■ SUPPLIED INFORMATION:

#####

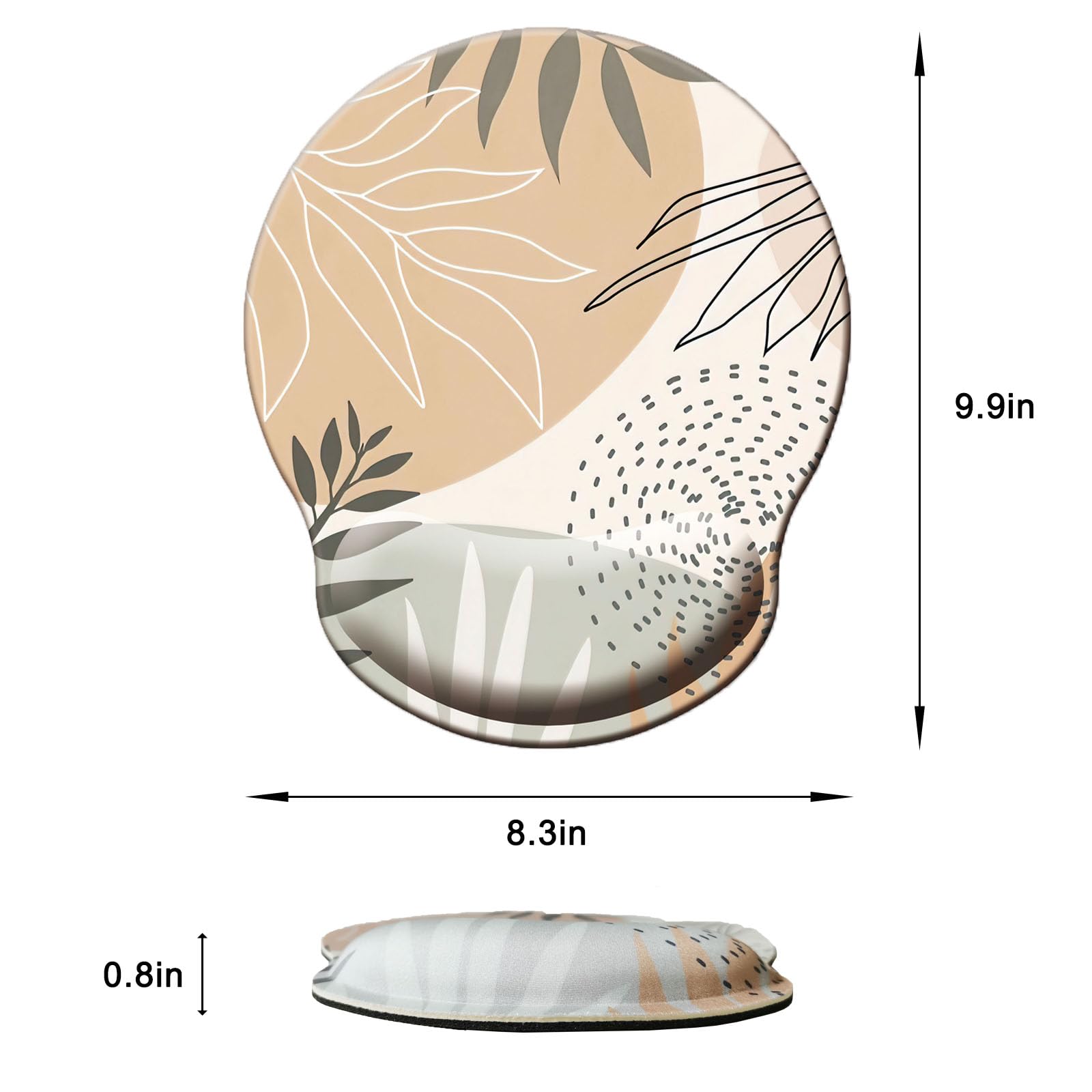 ERGONOMIC - Approximately 9.9 in x 8.3 in, 0.8 in thick. The reinforced edges are not easy to deform and damage, no curl up on edges. Ergonomic soft wrist rest mouse pad provide good touch and comfortable support for your wrists. Keep arms, wrists, and hands from getting sore when using computer for long time.
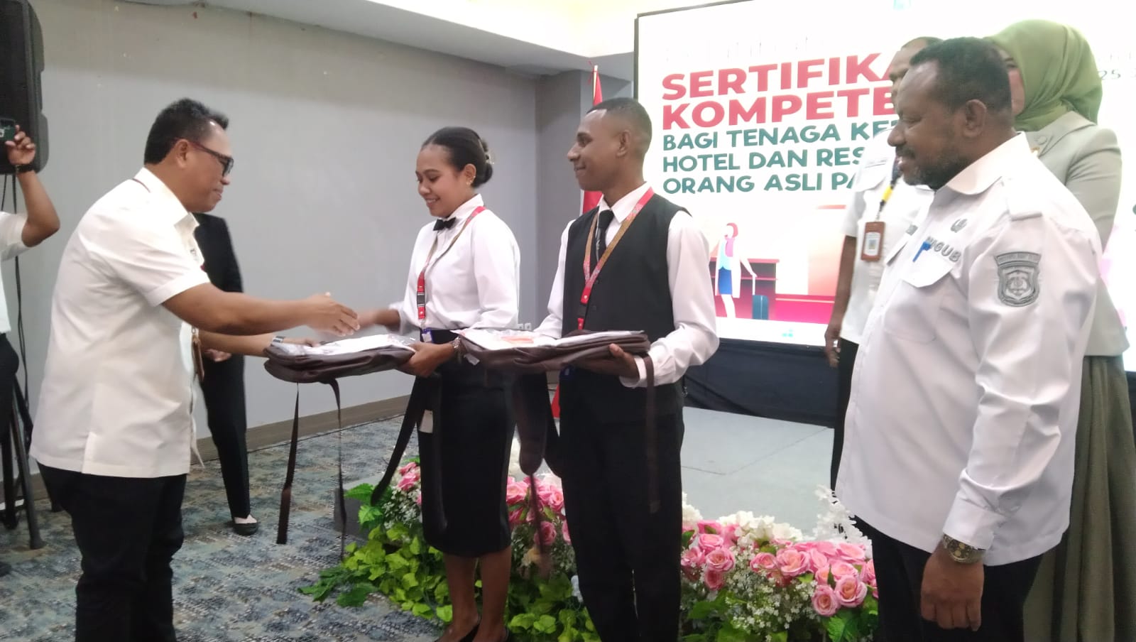 Dinas Pemuda, Olahraga, Pariwisata dan Ekonomi Kreatif Provinsi Papua Barat Daya menggelar Pelatihan Sertifikasi Kompetensi Bagi Tenaga Kerja Perhotelan dan Restaurant Orang Asli Papua (OAP), yang berlangsung di Rylich Panorama Hotel, Kota Sorong, Papua Barat Daya, Rabu-Jumat (23-25/7/2025).
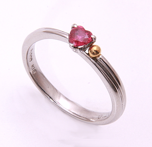 - 《質屋出品》Pt900/k18★ハートシェイプ天然ルビー0.26ctリング★C-4781

#####

■ DESCRIPTION OF THE TASK: Write out the whole listing exactly as it appears, and omit the pictures.

■ EXERCISE SOLUTION:
 ERGONOMIC - Approximately 9.9 in x 8.3 in, 0.8 in thick. The reinforced edges are not easy to deform and damage, no curl up on edges. Ergonomic soft wrist rest mouse pad provide good touch and comfortable support for your wrists. Keep arms, wrists, and hands from getting sore when using computer for long time.
 Dinas Pemuda, Olahraga, Pariwisata dan Ekonomi Kreatif Provinsi Papua Barat Daya menggelar Pelatihan Sertifikasi Kompetensi Bagi Tenaga Kerja Perhotelan dan Restaurant Orang Asli Papua (OAP), yang berlangsung di Rylich Panorama Hotel, Kota Sorong, Papua Barat Daya, Rabu-Jumat (23-25/7/2025).
 - 《質屋出品》Pt900/k18★ハートシェイプ天然ルビー0.26ctリング★C-4781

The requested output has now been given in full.